INFORMATION SHOWN —
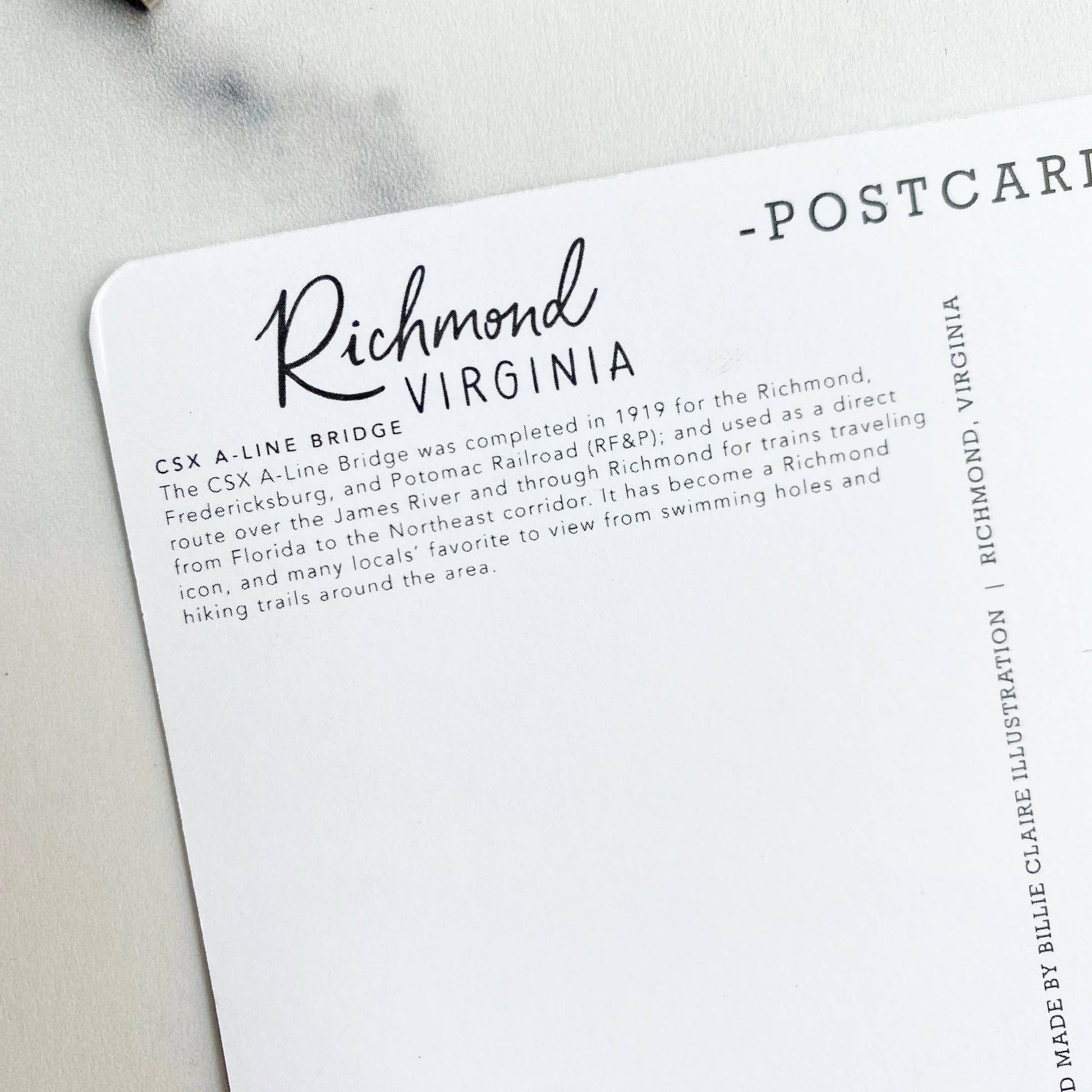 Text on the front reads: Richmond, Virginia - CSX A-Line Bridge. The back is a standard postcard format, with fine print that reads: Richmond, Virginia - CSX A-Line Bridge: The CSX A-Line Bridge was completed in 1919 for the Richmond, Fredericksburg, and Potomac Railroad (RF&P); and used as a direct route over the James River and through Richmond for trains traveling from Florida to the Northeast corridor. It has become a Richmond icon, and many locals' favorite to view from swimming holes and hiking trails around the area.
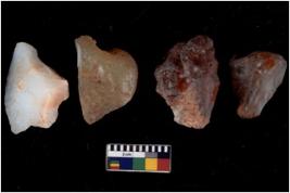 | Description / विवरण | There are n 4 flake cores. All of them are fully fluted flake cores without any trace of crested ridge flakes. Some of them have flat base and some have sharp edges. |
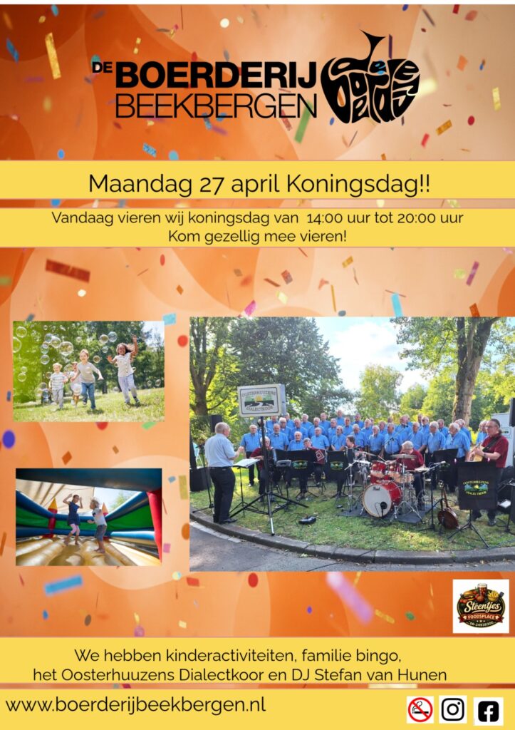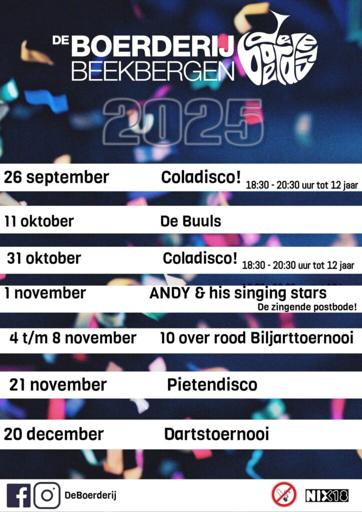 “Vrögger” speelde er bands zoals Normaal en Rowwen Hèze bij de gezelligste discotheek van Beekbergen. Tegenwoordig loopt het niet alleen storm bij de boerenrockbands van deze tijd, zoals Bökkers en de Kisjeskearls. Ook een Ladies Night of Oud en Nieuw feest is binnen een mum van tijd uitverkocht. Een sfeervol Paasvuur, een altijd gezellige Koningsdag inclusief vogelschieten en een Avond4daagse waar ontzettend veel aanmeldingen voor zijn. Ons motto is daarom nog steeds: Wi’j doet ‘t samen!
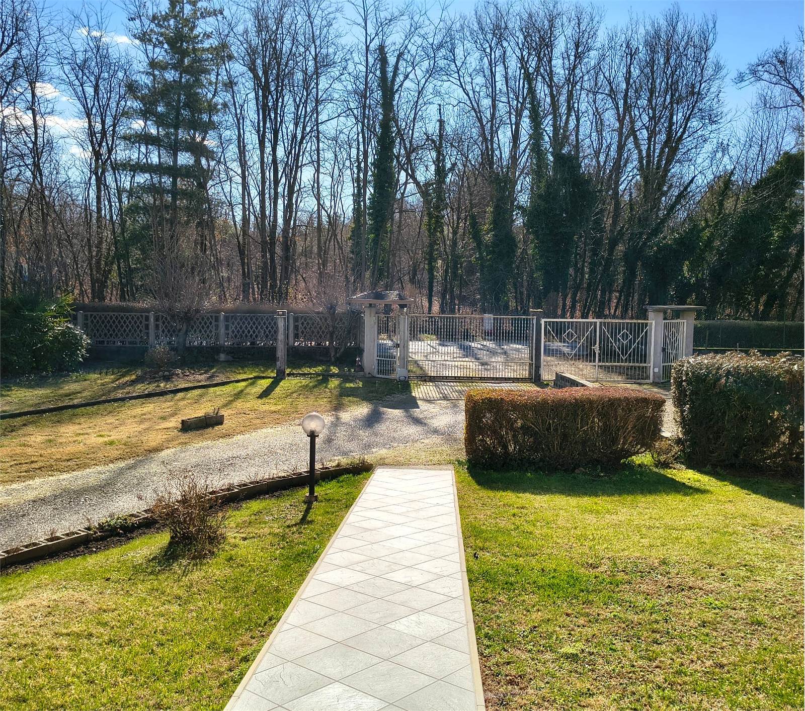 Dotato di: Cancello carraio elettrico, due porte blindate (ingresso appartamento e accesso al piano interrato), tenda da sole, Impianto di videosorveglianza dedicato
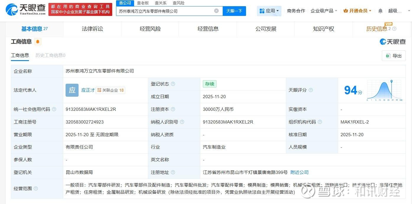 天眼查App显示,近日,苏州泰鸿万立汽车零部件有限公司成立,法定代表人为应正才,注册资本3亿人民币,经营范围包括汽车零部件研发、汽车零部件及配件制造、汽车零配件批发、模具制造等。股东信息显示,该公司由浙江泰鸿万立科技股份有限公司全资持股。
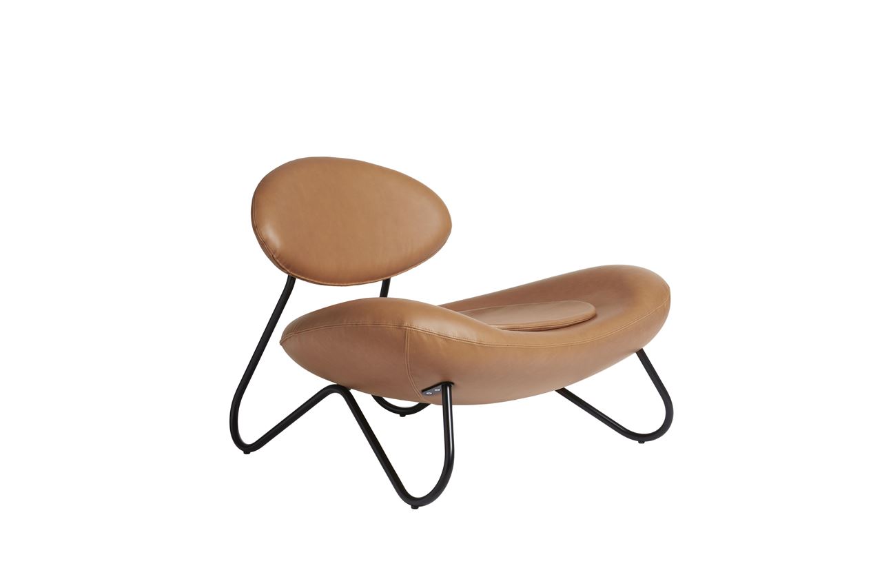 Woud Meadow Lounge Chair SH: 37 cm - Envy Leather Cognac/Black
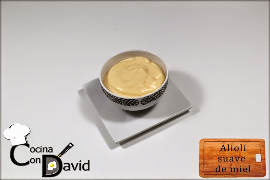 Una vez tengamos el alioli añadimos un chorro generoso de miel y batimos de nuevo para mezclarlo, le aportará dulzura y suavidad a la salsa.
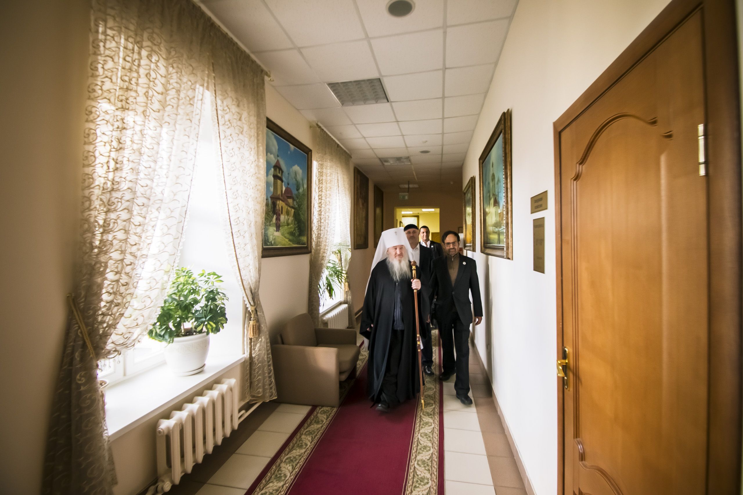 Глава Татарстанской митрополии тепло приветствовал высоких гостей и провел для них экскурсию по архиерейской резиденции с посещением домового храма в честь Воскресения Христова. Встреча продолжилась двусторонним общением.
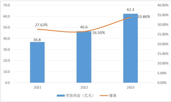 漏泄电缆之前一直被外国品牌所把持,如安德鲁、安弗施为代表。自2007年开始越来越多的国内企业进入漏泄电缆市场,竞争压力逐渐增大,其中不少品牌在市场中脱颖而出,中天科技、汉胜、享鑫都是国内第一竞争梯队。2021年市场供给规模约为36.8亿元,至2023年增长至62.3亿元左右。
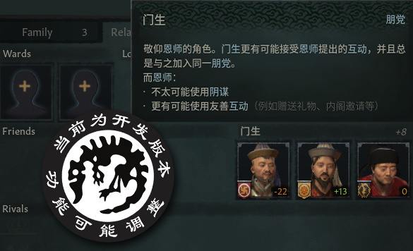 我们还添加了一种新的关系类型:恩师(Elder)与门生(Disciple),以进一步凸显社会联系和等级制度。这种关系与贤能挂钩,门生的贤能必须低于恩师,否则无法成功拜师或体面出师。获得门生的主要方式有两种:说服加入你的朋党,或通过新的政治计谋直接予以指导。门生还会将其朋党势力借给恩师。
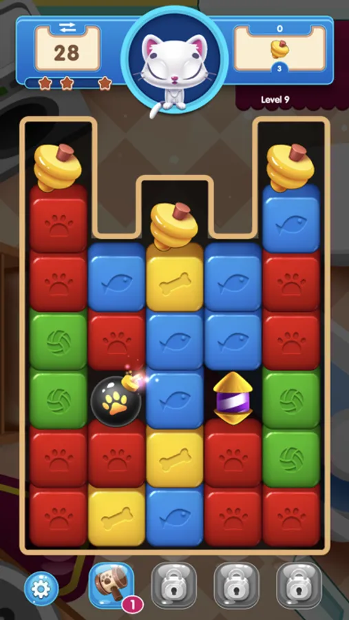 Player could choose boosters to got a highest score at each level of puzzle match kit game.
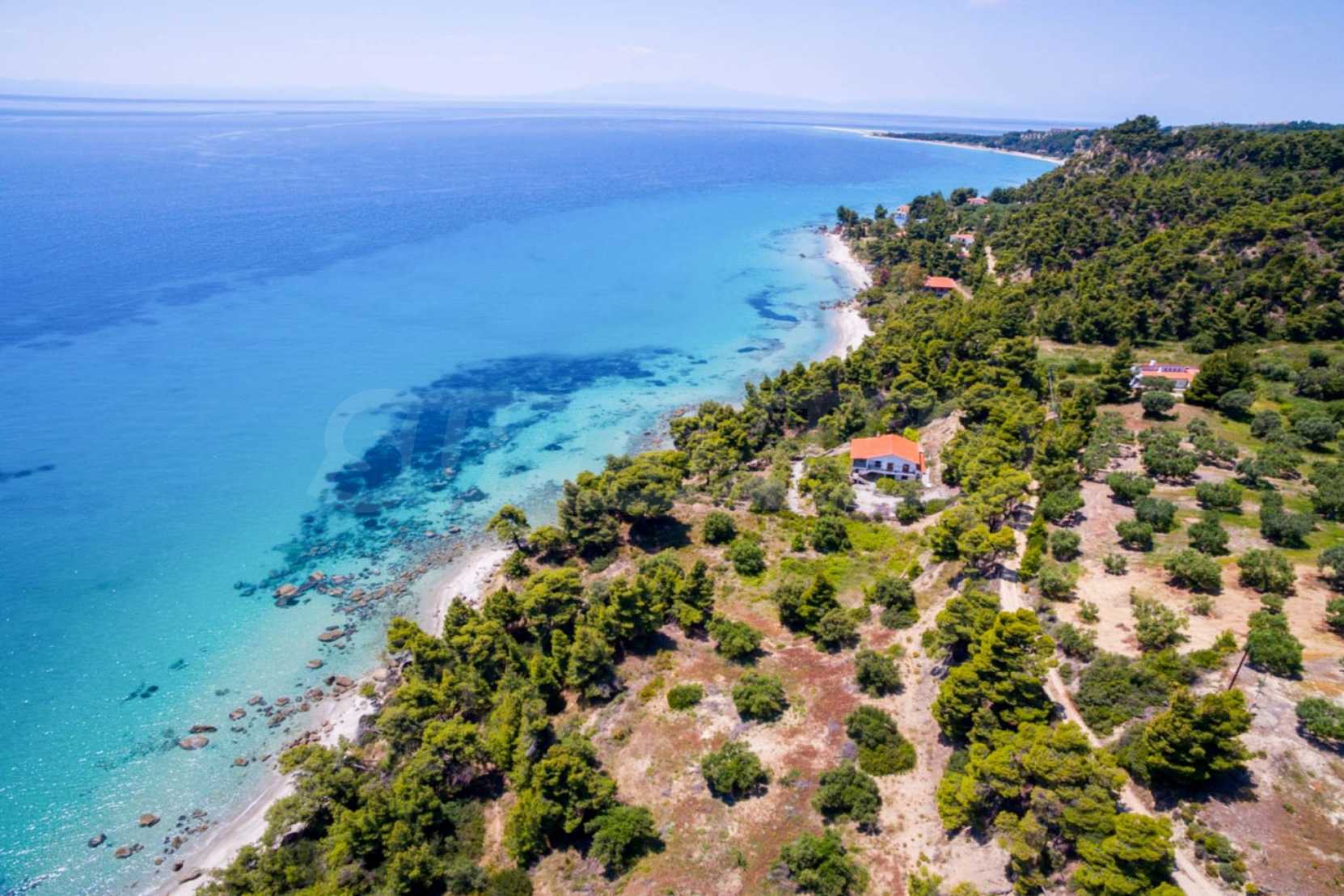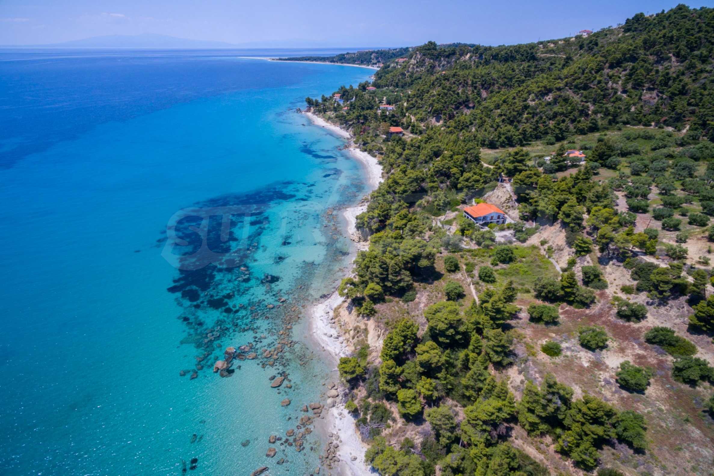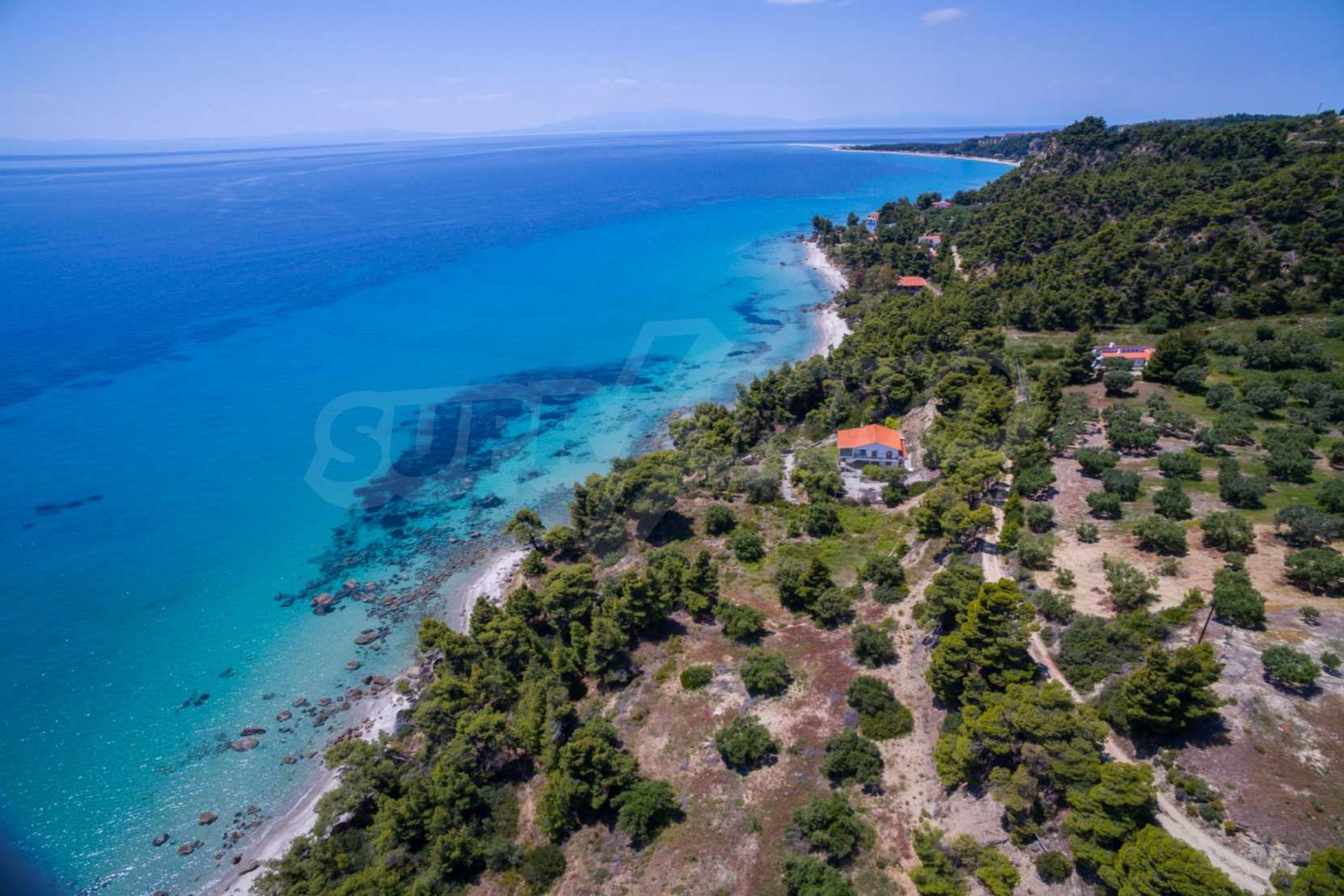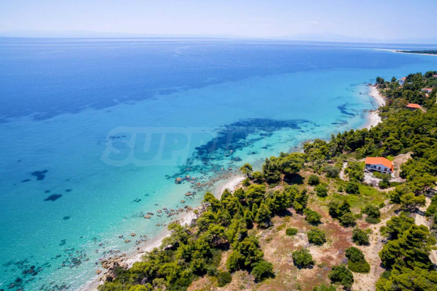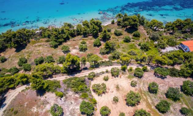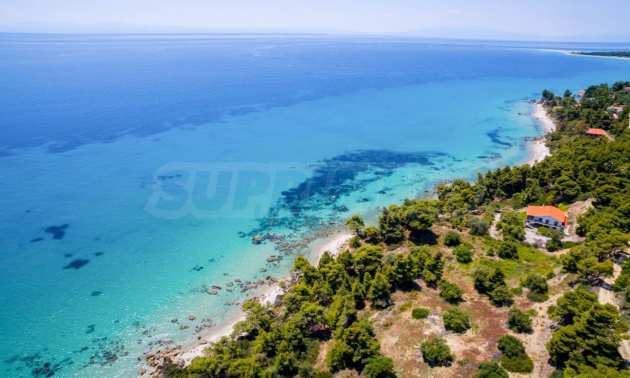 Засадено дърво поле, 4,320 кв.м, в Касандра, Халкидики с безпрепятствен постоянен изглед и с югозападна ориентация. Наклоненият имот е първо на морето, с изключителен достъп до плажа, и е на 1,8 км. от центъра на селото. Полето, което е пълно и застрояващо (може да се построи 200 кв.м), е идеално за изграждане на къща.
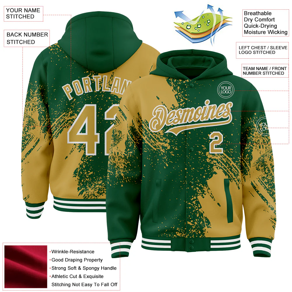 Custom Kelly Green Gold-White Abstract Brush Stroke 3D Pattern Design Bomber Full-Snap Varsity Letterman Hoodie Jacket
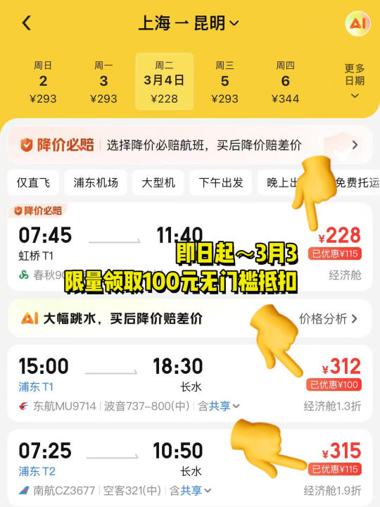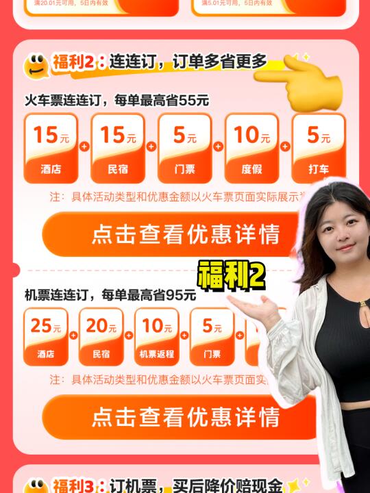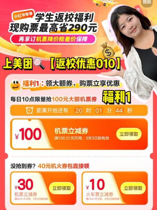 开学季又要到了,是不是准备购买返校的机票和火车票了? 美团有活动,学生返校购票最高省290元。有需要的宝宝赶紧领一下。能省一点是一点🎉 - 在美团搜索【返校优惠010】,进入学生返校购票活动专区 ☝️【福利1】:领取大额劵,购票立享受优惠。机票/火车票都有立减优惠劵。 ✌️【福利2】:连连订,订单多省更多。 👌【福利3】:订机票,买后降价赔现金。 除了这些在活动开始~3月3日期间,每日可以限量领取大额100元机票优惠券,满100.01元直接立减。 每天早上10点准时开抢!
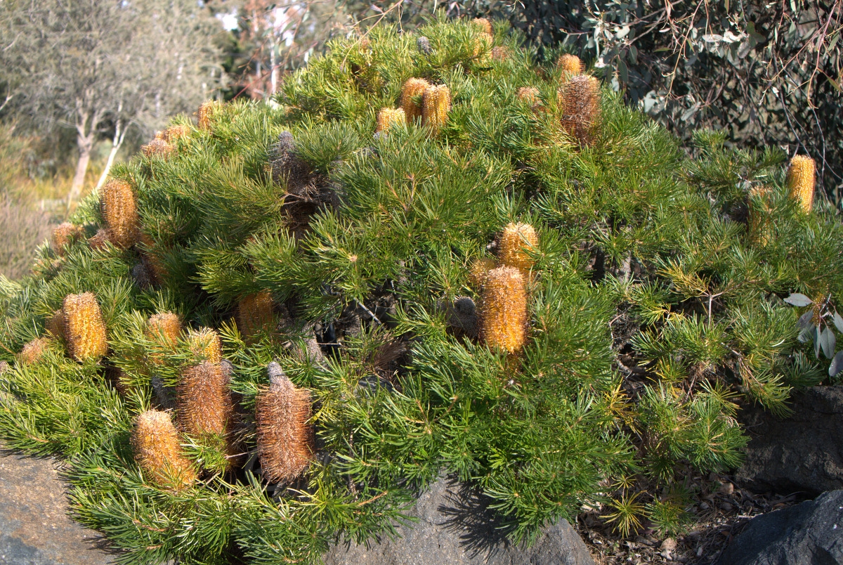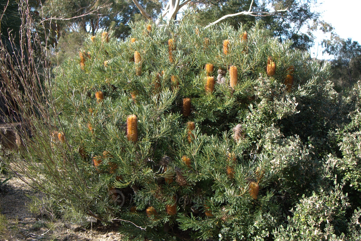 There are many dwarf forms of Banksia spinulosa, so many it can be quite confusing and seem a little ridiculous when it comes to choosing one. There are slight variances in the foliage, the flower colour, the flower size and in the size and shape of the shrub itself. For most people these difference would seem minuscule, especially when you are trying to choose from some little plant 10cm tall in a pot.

WHAT THE EXERCISE ASKS — Leave the pictures out, and transcribe exactly the lines above starting at the one that contains "Dotato di: Cancello" and ending at the one that contains "Custom Kelly Green".

EXPECTED ANSWER —
 Dotato di: Cancello carraio elettrico, due porte blindate (ingresso appartamento e accesso al piano interrato), tenda da sole, Impianto di videosorveglianza dedicato
 天眼查App显示,近日,苏州泰鸿万立汽车零部件有限公司成立,法定代表人为应正才,注册资本3亿人民币,经营范围包括汽车零部件研发、汽车零部件及配件制造、汽车零配件批发、模具制造等。股东信息显示,该公司由浙江泰鸿万立科技股份有限公司全资持股。
 Woud Meadow Lounge Chair SH: 37 cm - Envy Leather Cognac/Black
 Una vez tengamos el alioli añadimos un chorro generoso de miel y batimos de nuevo para mezclarlo, le aportará dulzura y suavidad a la salsa.
 Глава Татарстанской митрополии тепло приветствовал высоких гостей и провел для них экскурсию по архиерейской резиденции с посещением домового храма в честь Воскресения Христова. Встреча продолжилась двусторонним общением.
 漏泄电缆之前一直被外国品牌所把持,如安德鲁、安弗施为代表。自2007年开始越来越多的国内企业进入漏泄电缆市场,竞争压力逐渐增大,其中不少品牌在市场中脱颖而出,中天科技、汉胜、享鑫都是国内第一竞争梯队。2021年市场供给规模约为36.8亿元,至2023年增长至62.3亿元左右。
 我们还添加了一种新的关系类型:恩师(Elder)与门生(Disciple),以进一步凸显社会联系和等级制度。这种关系与贤能挂钩,门生的贤能必须低于恩师,否则无法成功拜师或体面出师。获得门生的主要方式有两种:说服加入你的朋党,或通过新的政治计谋直接予以指导。门生还会将其朋党势力借给恩师。
 Player could choose boosters to got a highest score at each level of puzzle match kit game.
 Засадено дърво поле, 4,320 кв.м, в Касандра, Халкидики с безпрепятствен постоянен изглед и с югозападна ориентация. Наклоненият имот е първо на морето, с изключителен достъп до плажа, и е на 1,8 км. от центъра на селото. Полето, което е пълно и застрояващо (може да се построи 200 кв.м), е идеално за изграждане на къща.
 Custom Kelly Green Gold-White Abstract Brush Stroke 3D Pattern Design Bomber Full-Snap Varsity Letterman Hoodie Jacket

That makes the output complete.